The Colonel, so-called for his role in the Suffolk Regiment as a young man, was too old to join the military action but he was anxious to help in whatever ways he could. His grand house with its commanding view of the harbor had a distinct advantage as a lookout point. Quincy grabbed his spyglass and climbed the narrow staircase to the monitor, an attic space that likely housed the servants. From the windows he could see across farm fields and marshland down to the water where British ships sailed by on their way in and out of Boston Harbor beyond. He started to record all that he saw and wrote letters to key players: John Adams, who was serving in the Continental Congress; his long-time friend from Philadelphia, Benjamin Franklin; and to the man himself, General George Washington, who was encamped in Cambridge during the Siege of Boston. As he wrote to the general, “Would to God my abilities were equal to my inclinations, for then I would endeavor to render myself worthy of that honor by eminent public services in defence of my injured country. But, alas!”

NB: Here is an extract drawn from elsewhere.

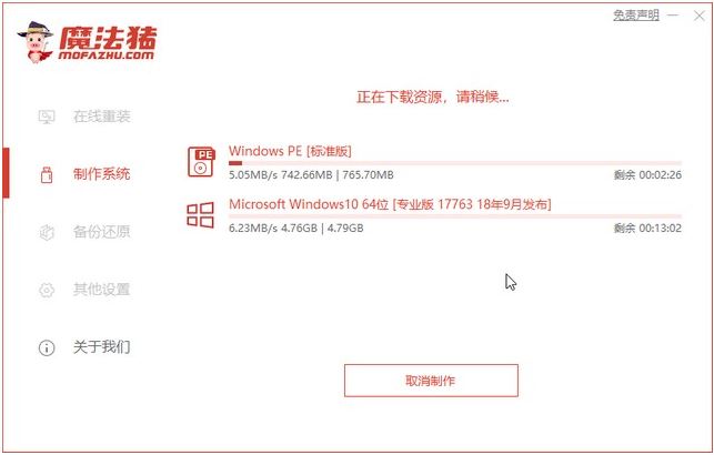 4、下載安裝資源,制作啟動盤,制作完后成之后需要重啟電腦。
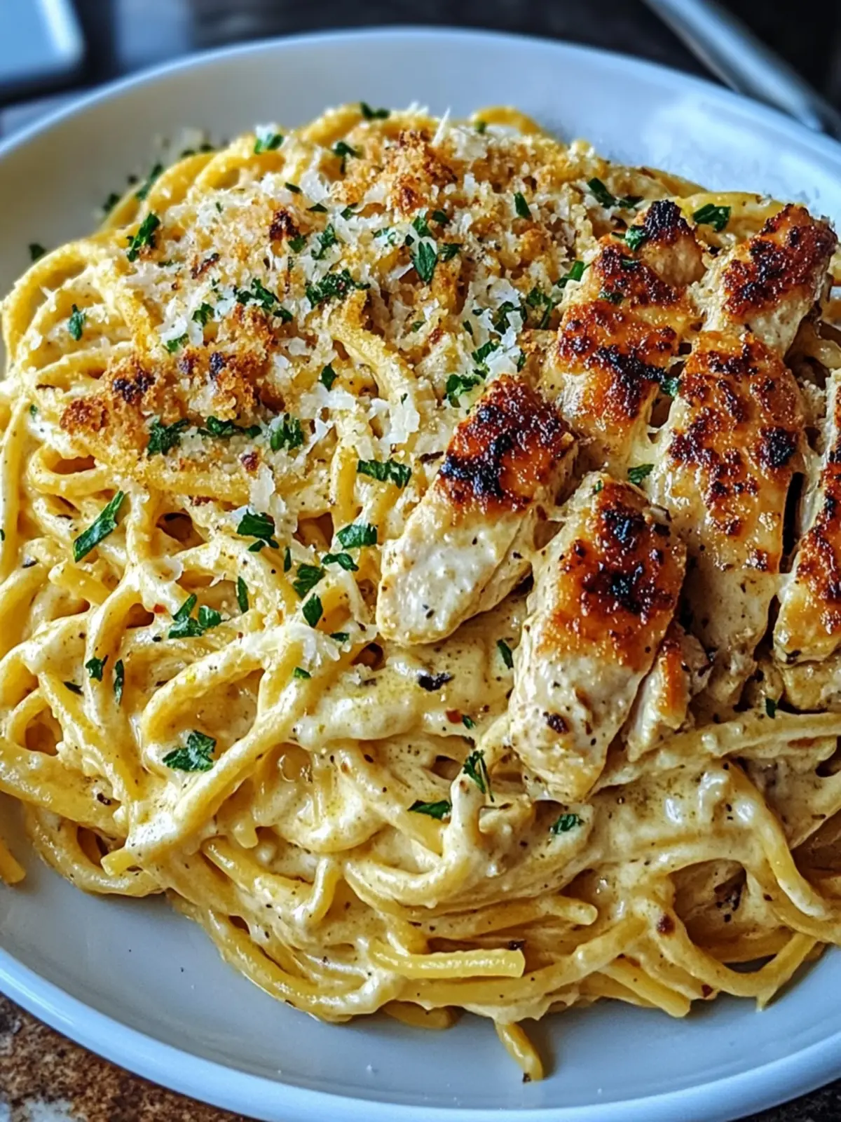 Three-Cheese Chicken Spaghetti in Garlic Parmesan Cream Delight

Colonel Quincy formulated plans on how to blockade the Boston harbor access. One can imagine it was a welcome distraction from his personal tragedies to map out a plot to close off the harbor and route the British. He wrote to John Adams of the plan and how it would be “forcing our Enemies to ask our Leave to return home.” We know that Benjamin Franklin visited soon after and dined with the Colonel; no doubt he was pulled upstairs to peer through the spyglass for a bird’s eye view. Franklin encouraged Quincy to tell Washington of the plan and how it might be executed.

Colonel Quincy was at his post to see the ship of Governor Thomas Gage sailing home toward England. This would have seemed like a decisive victory for the colonial army: the crown’s governor and military leader sent packing. Colonel Quincy was so moved he recorded the event, not only in his log or a letter but on the glass itself. The pane says: “Governor Gage sail’d for England with a fair wind. October 10, 1775” This was faithfully preserved by the family until today and remains in the Quincy House collection.

Quincy continued to observe and report on the activities in the harbor and played host to many illustrious figures of the era. One of Benjamin Franklin’s more quotable lines comes from a letter to his good friend Colonel Quincy after the end of the war in 1783: “May we never see another War! for in my Opinion there never was a good War, or a bad Peace.”